Overview
The Hive storage connection is used to access and manage existing Hive metadata services. By configuring this connection, you can:
- Seamlessly integrate with existing data warehouse infrastructure.
- Reuse already-built table structures and metadata information.
- Centrally manage data catalogs for cross-platform data asset integration.
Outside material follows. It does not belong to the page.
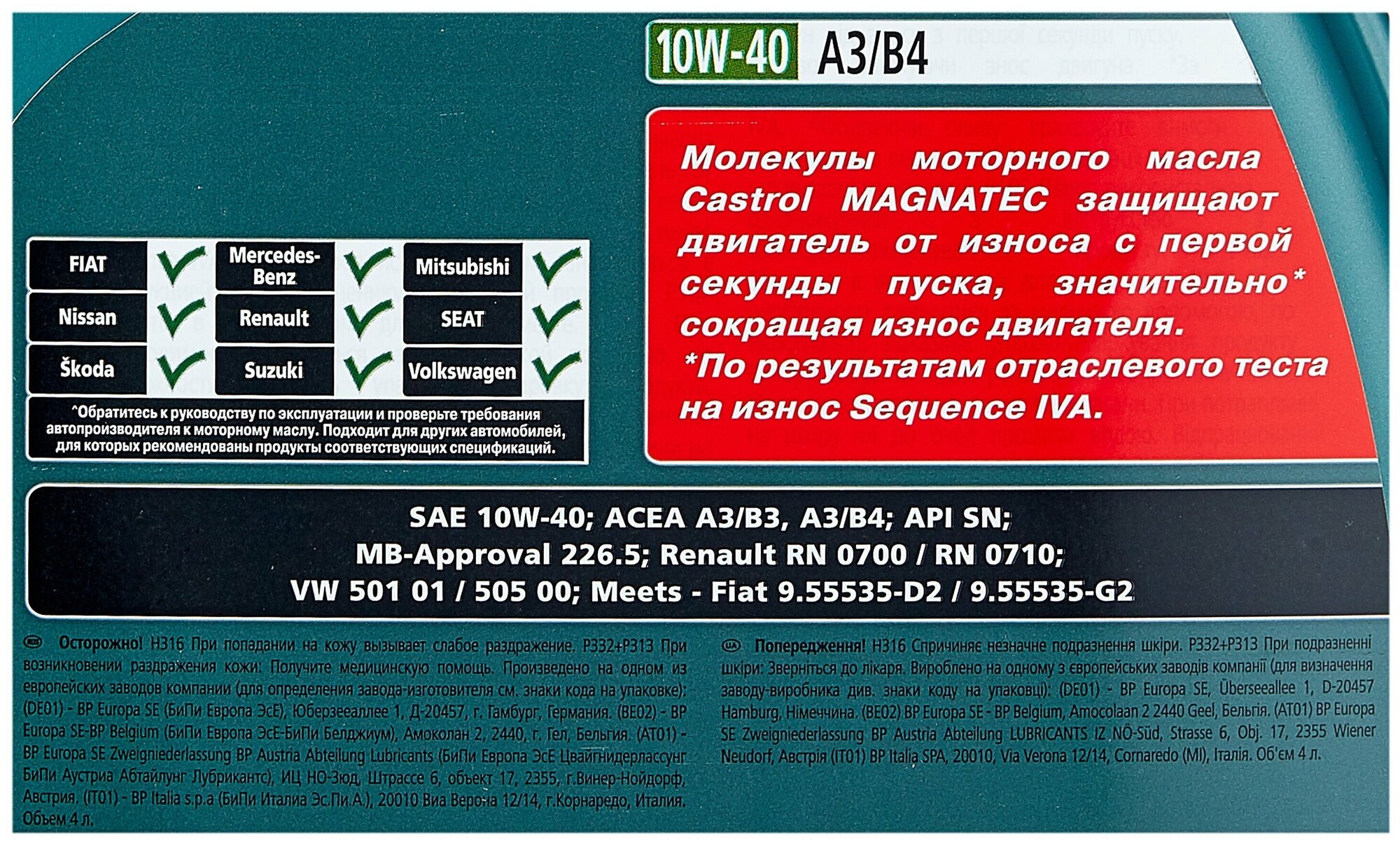 Castrol MAGNATEC:защита от износа в условиях прогрева двигателя при температуре ниже 0°C;доказанная эффективность в сочетании с российским топливом;сохраняет свойства в тяжелых городских условиях эксплуатации, в том числе при длительной работе двигателя на холостом ходу. Перейдите по ссылке, чтобы узнать подробнее об преимуществах нового Castrol MAGNATEC, протестированного в российских условиях, о защите канистры и новом дизайне.До 75% износа двигателя происходит во время его пуска и прогрева. Когда двигатель выключен, обычное масло стекает в поддон картера, оставляя важнейшие детали двигателя незащищенными. Молекулы Castrol MAGNATEC подобно магниту притягиваются к деталям двигателя и образуют сверхпрочную масляную пленку, обеспечивающую дополнительную защиту двигателя в период пуска, когда риск возникновения износа существенно возрастает.Уникальная композиция Castrol MAGNATEC защищает двигатель с момента пуска, существенно* снижая износ его деталей.* - по результатам теста на износ Sequence IVAПреимущества:удерживаются на важнейших частях двигателя, когда обычное масло стекает в поддон картера;притягиваются к деталям мотора, образуя устойчивый защитный слой, сохраняющийся с первой секунды его работы вплоть до следующего пуска;сцепляются с металлическими поверхностями компонентов двигателя, делая их более устойчивыми к изнашиванию;в сочетании с синтетической технологией обеспечивают повышенную защиту при высоко- и низкотемпературных режимах работы двигателя;обеспечивают постоянную защиту при различных стилях вождения, в любых условиях эксплуатации и широком диапазоне температур.Спецификации:ACEA A3/B3, A3/B4API SNMB-Approval 226.5Renault RN 0700 / RN 0710VW 501 01 / 505 00Meets - Fiat 9.55535-D2 / 9.55535-G2
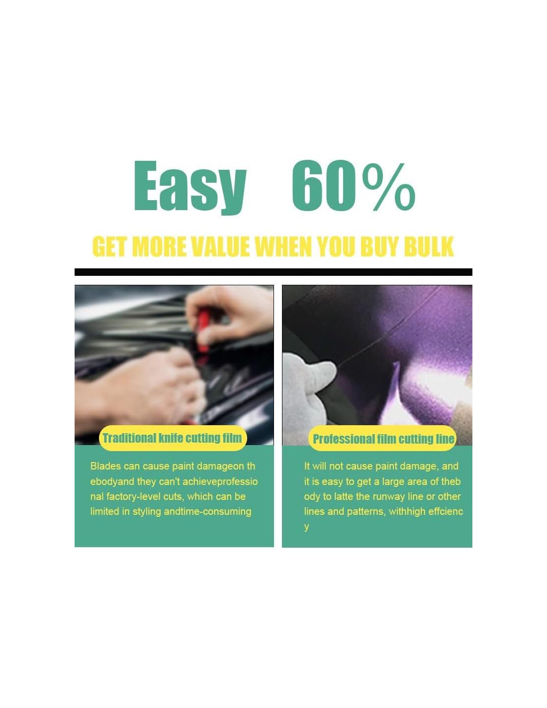 - [Fácil de usar] : Usar la cinta para envoltura de automóviles no requiere herramientas agudas, simplemente posiciona con precisión la cinta en el área a cortar, luego usa un raspador o herramienta similar para aplicar la película, después, dobla la cinta a unos 5 milímetros de la película del automóvil, presiona los bordes de la cinta y la película del automóvil con tus dedos al mismo tiempo, y tira rápidamente y con fuerza de la línea delgada para completar el corte, acortando significativamente el tiempo de construcción y ahorrando tiempo y esfuerzo.

This configuration approach is especially suitable for enterprises during data platform upgrade or integration processes, enabling a smooth transition and system coexistence. You can fully leverage the advantages of both systems without needing to migrate existing data.
Usage Restrictions
- Before use, ensure that the network between the Lakehouse and the Hive cluster is connected.
- Currently, the External Catalog feature of Singdata Lakehouse supports the following external data sources:
- Hive on OSS (Alibaba Cloud Object Storage Service)
- Hive on COS (Tencent Cloud Object Storage Service)
- Hive on S3 (AWS Object Storage Service)
- Hive on GCS (Google Cloud Object Storage Service)
- Both read and write are supported. Write operations support Parquet, ORC, and Text file formats.
Create External Catalog
Steps to Create a Hive Catalog
- Create Storage Connection: First, create a storage connection to access the object storage service.
- Create Catalog Connection: Use the storage connection information and Hive Metastore address to create a Catalog Connection.
- Create External Catalog: Use the Catalog Connection to create an External Catalog for accessing external data in the data lake.
Create Storage Connection
For creating a storage connection, refer to the document Create STORAGE CONNECTION.